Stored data

______

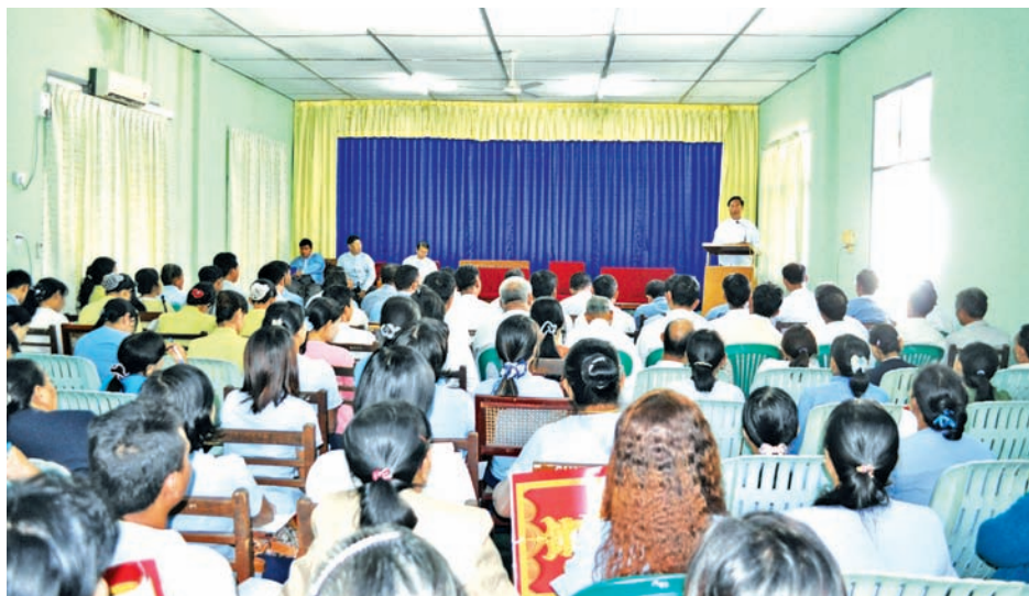
Union Minister U Ohn Myint speaking at opening of rural development programme course.

He also said that the training course is aimed at helping the country graduate from the Least Developed Countries, improve per capita income, enhance socioeconomic development and boost agricultural and livestock production.
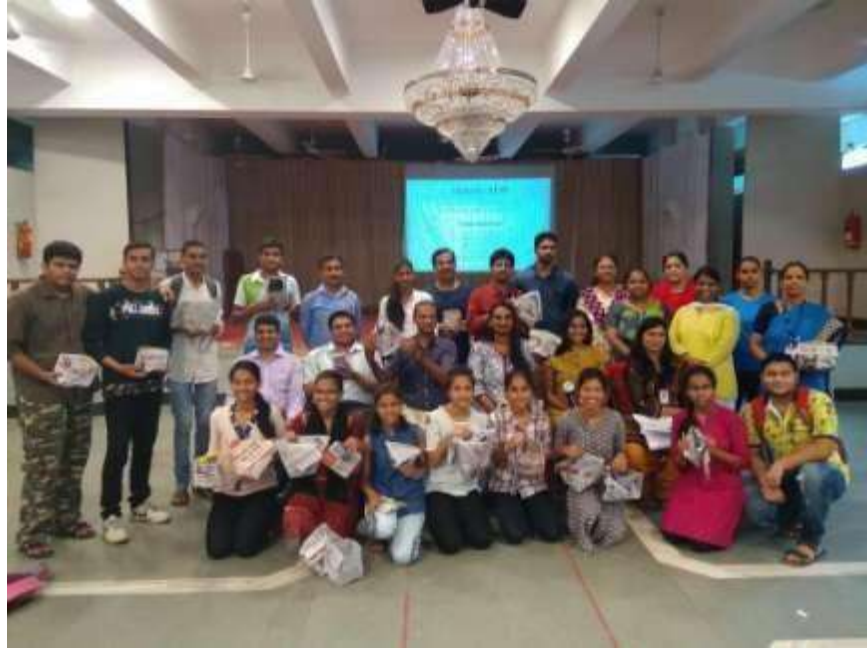
Awareness of Plastic Ban in collaboration with the Vakola ALM
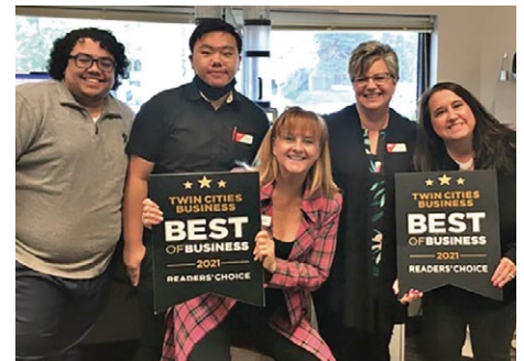
TopLine Como Park Branch
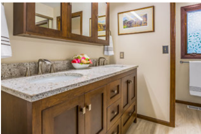
Alki vanity with quartz countertop complements chocolate cherry stained cabinet finish and flooring

The first step was to replace the worn-out flooring with wood-look vinyl that was both durable and light-toned. The second bold move was the incorporation of the Alki vanity from Strasser Woodenworks . Versatile in function as well as in style, Alki's clean sophistication—complete with Shaker doors, dovetail drawers, and slender rectilinear legs—elevates not only contemporary bathrooms, but is perfect for transitional baths like Kirkendall's. The 60-inch Alki "Essence" model Kirkendall chose offered room for dual
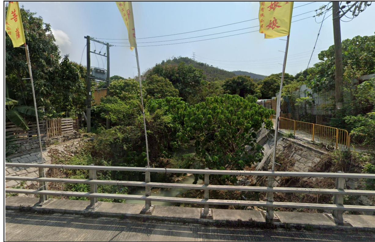
LR-LT7 – Watercourses in Lam Tei
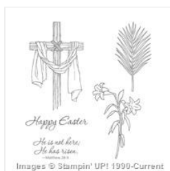
Easter Message Clear-Mount Stamp Set - 142987

http://creativemeasuresbytiffany.blogspot.com/
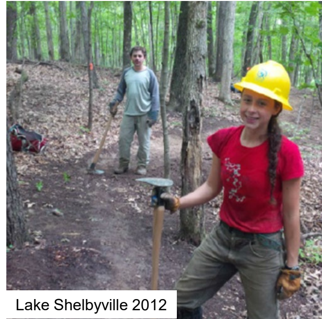
Lake Shelbyville 2012
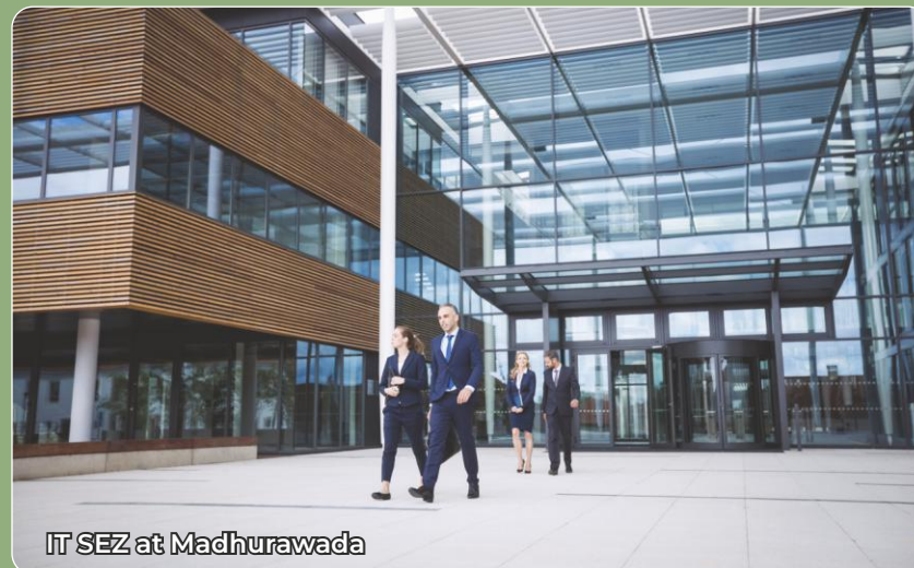
IT SEZ at Madhurawada
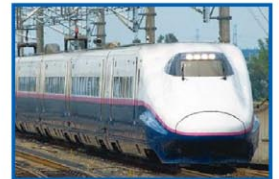
Tohoku Shinkansen "HAYATE," "YAMABIKO," etc.

Tohoku Shinkansen (713.7 km) Train Names: HAYABUSA, HAYATE, YAMABIKO, NASUNO
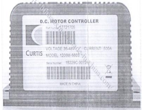
Motor Drive Controller 500A
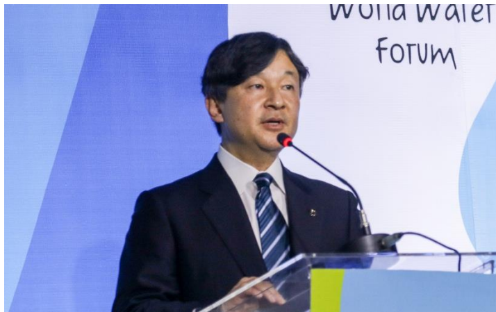
H.I.H. the Crown Prince of Japan
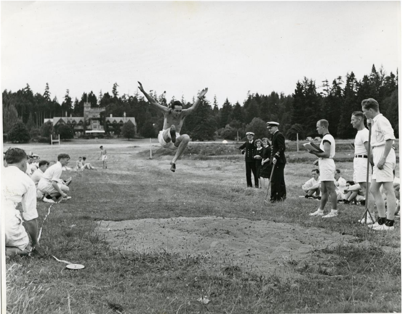
Long Jump at Royal Roads Naval College, ca. 1942

Thursday April 29, 2021 – 5:30pm via Zoom Conference
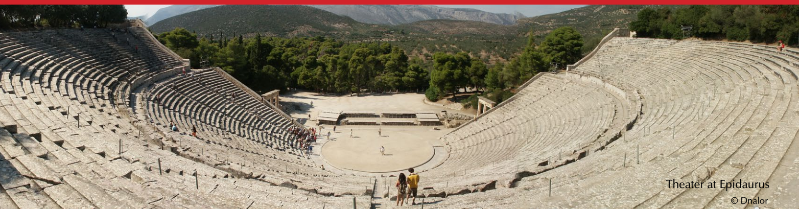
Theater at Epidaurus

acquired its name because King Aegeus of Athens leaped off this cliff to his death when his heroic son, Theseus, upon his return from killing the Minotaur, forgot to change his ship's black sail to white to indicate that he was alive. We return to Athens and enjoy dinner at leisure. (B,L)
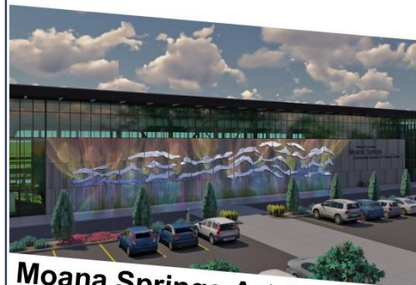
Moana Springs Art Selection
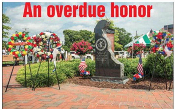
Local veterans and dignitaries gathered at the Kent County Veterans Memorial Park in Dover Sunday to dedicate the new Korean War Memorial. The monument, made of black granite, is cut in the shape of the state of Delaware.

On July 27, 1953, at 10:40 a.m., the fighting stopped in Korea after three difficult years of conflict.
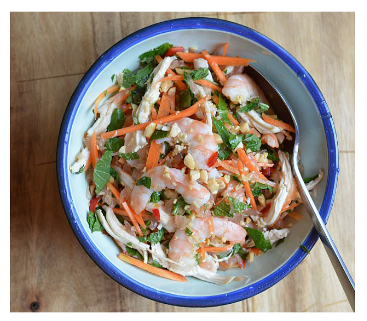
Figure 17. Vietnamese pummelo salad.
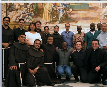
Students of the Pontifical Antonianum University visit the Vatican Apostolic Library
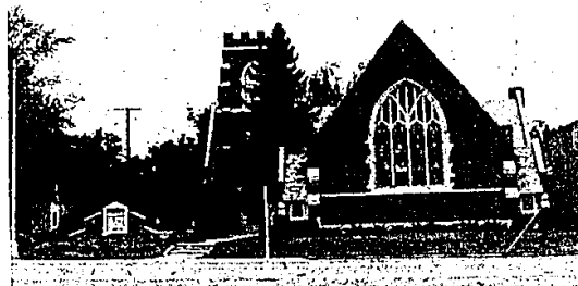
MANY CHURCHES of all denominations are located in the immediate area. Shown here is the First Methodist Church of Farmington on Grand River Avenue less than one half mile from the Brookdale Club.

Those persons talked to, with respect to the providing of a washer and dryer unit in such a convenient location, were greatly impressed. Especially those people that had lived in other apartments where coin machines were the only available units, were most particularly impressed.
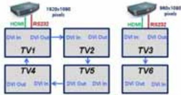
Figure 4 2x3 Video Wall Cabling Example Using TV Tile Matrix Functionality

These dedicated DMPs provide the video signal for the group of TVs that the DMP is connected to through the daisy-chain. Depending on the screen manufacturer, the RS- 232 connections can also be daisy-chained if this feature is available.
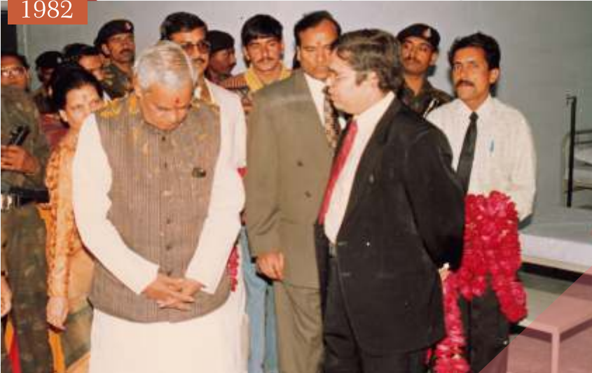
Swasthya Kalyan Hospital inaugurated by Shri Atal Bihari Vajpayee, former Prime minister of India
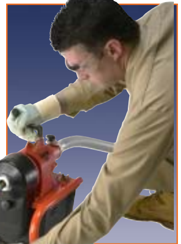
or clear 2" – 3" lines up to 125 feet long with 5/8" x 7-1/2' sections.
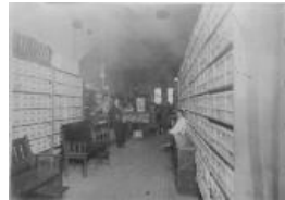
412 Main St (1998.44.1)
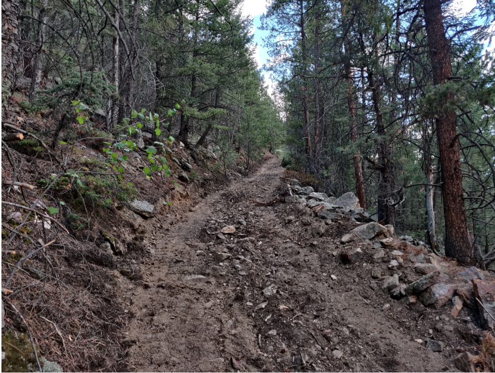
View of the road above the Stanley Mine
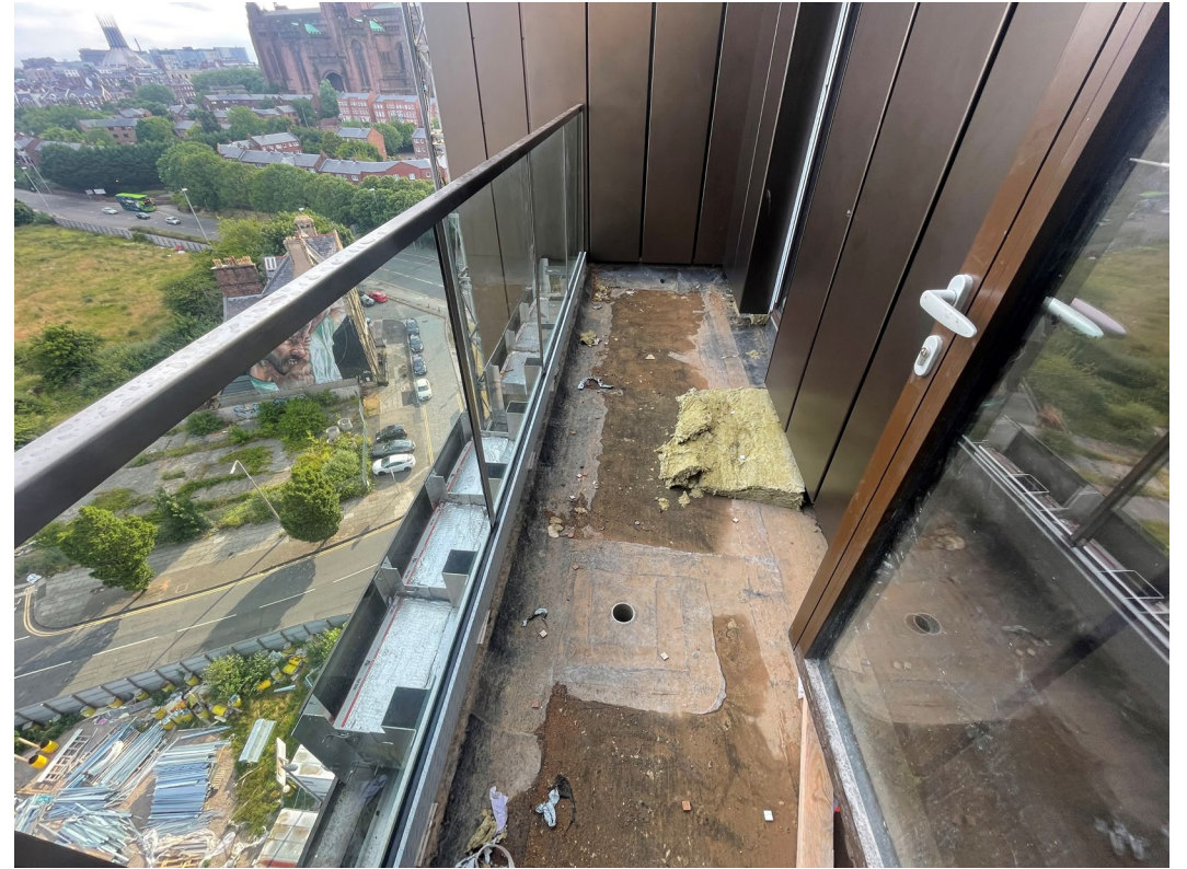
Terraces ready for paving
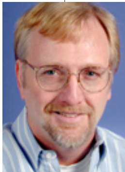
Style reporter DON OLDENBURG has written a book for dog lovers.

Picture Editor MICHEL DUCILLE participated in an historic, one-day documentary of the African continent called A Day in the Life of Africa with nearly 100 of the world's other top photojournalists (Hardcover, Tides Foundation, September 2002). All pub-
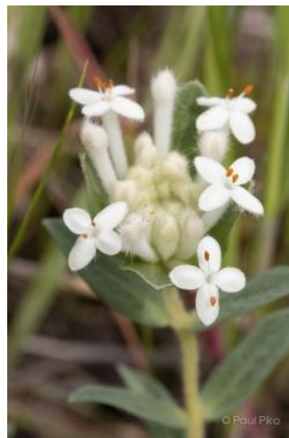
Pimelea humilis . - Common Rice-flower or Small Rice-flower.
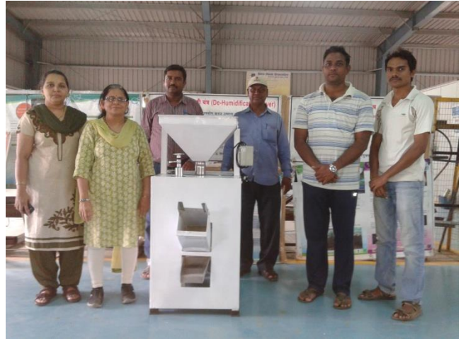
Rice Dehusking Machine Despatch

To train our staff in computer aided design, we have started Auto-CAD and Catia training. We have hired external faculty and they will conduct the course on Saturday & Sunday. At present 6 staff members are undergoing training. The CAD designing will help us to adopt new machine tools and practices required in 'digital fabrication'.

______

Exercise aim
Omit the pictures and set down the records exactly.

Written response
Union Minister U Ohn Myint speaking at opening of rural development programme course.

He also said that the training course is aimed at helping the country graduate from the Least Developed Countries, improve per capita income, enhance socioeconomic development and boost agricultural and livestock production.
Awareness of Plastic Ban in collaboration with the Vakola ALM
TopLine Como Park Branch
Alki vanity with quartz countertop complements chocolate cherry stained cabinet finish and flooring

The first step was to replace the worn-out flooring with wood-look vinyl that was both durable and light-toned. The second bold move was the incorporation of the Alki vanity from Strasser Woodenworks . Versatile in function as well as in style, Alki's clean sophistication—complete with Shaker doors, dovetail drawers, and slender rectilinear legs—elevates not only contemporary bathrooms, but is perfect for transitional baths like Kirkendall's. The 60-inch Alki "Essence" model Kirkendall chose offered room for dual
LR-LT7 – Watercourses in Lam Tei
Easter Message Clear-Mount Stamp Set - 142987

http://creativemeasuresbytiffany.blogspot.com/
Lake Shelbyville 2012
IT SEZ at Madhurawada
Tohoku Shinkansen "HAYATE," "YAMABIKO," etc.

Tohoku Shinkansen (713.7 km) Train Names: HAYABUSA, HAYATE, YAMABIKO, NASUNO
Motor Drive Controller 500A
H.I.H. the Crown Prince of Japan
Long Jump at Royal Roads Naval College, ca. 1942

Thursday April 29, 2021 – 5:30pm via Zoom Conference
Theater at Epidaurus

acquired its name because King Aegeus of Athens leaped off this cliff to his death when his heroic son, Theseus, upon his return from killing the Minotaur, forgot to change his ship's black sail to white to indicate that he was alive. We return to Athens and enjoy dinner at leisure. (B,L)
Moana Springs Art Selection
Local veterans and dignitaries gathered at the Kent County Veterans Memorial Park in Dover Sunday to dedicate the new Korean War Memorial. The monument, made of black granite, is cut in the shape of the state of Delaware.

On July 27, 1953, at 10:40 a.m., the fighting stopped in Korea after three difficult years of conflict.
Figure 17. Vietnamese pummelo salad.
Students of the Pontifical Antonianum University visit the Vatican Apostolic Library
MANY CHURCHES of all denominations are located in the immediate area. Shown here is the First Methodist Church of Farmington on Grand River Avenue less than one half mile from the Brookdale Club.

Those persons talked to, with respect to the providing of a washer and dryer unit in such a convenient location, were greatly impressed. Especially those people that had lived in other apartments where coin machines were the only available units, were most particularly impressed.
Figure 4 2x3 Video Wall Cabling Example Using TV Tile Matrix Functionality

These dedicated DMPs provide the video signal for the group of TVs that the DMP is connected to through the daisy-chain. Depending on the screen manufacturer, the RS- 232 connections can also be daisy-chained if this feature is available.
Swasthya Kalyan Hospital inaugurated by Shri Atal Bihari Vajpayee, former Prime minister of India
or clear 2" – 3" lines up to 125 feet long with 5/8" x 7-1/2' sections.
412 Main St (1998.44.1)
View of the road above the Stanley Mine
Terraces ready for paving
Style reporter DON OLDENBURG has written a book for dog lovers.

Picture Editor MICHEL DUCILLE participated in an historic, one-day documentary of the African continent called A Day in the Life of Africa with nearly 100 of the world's other top photojournalists (Hardcover, Tides Foundation, September 2002). All pub-
Pimelea humilis . - Common Rice-flower or Small Rice-flower.
Rice Dehusking Machine Despatch

To train our staff in computer aided design, we have started Auto-CAD and Catia training. We have hired external faculty and they will conduct the course on Saturday & Sunday. At present 6 staff members are undergoing training. The CAD designing will help us to adopt new machine tools and practices required in 'digital fabrication'.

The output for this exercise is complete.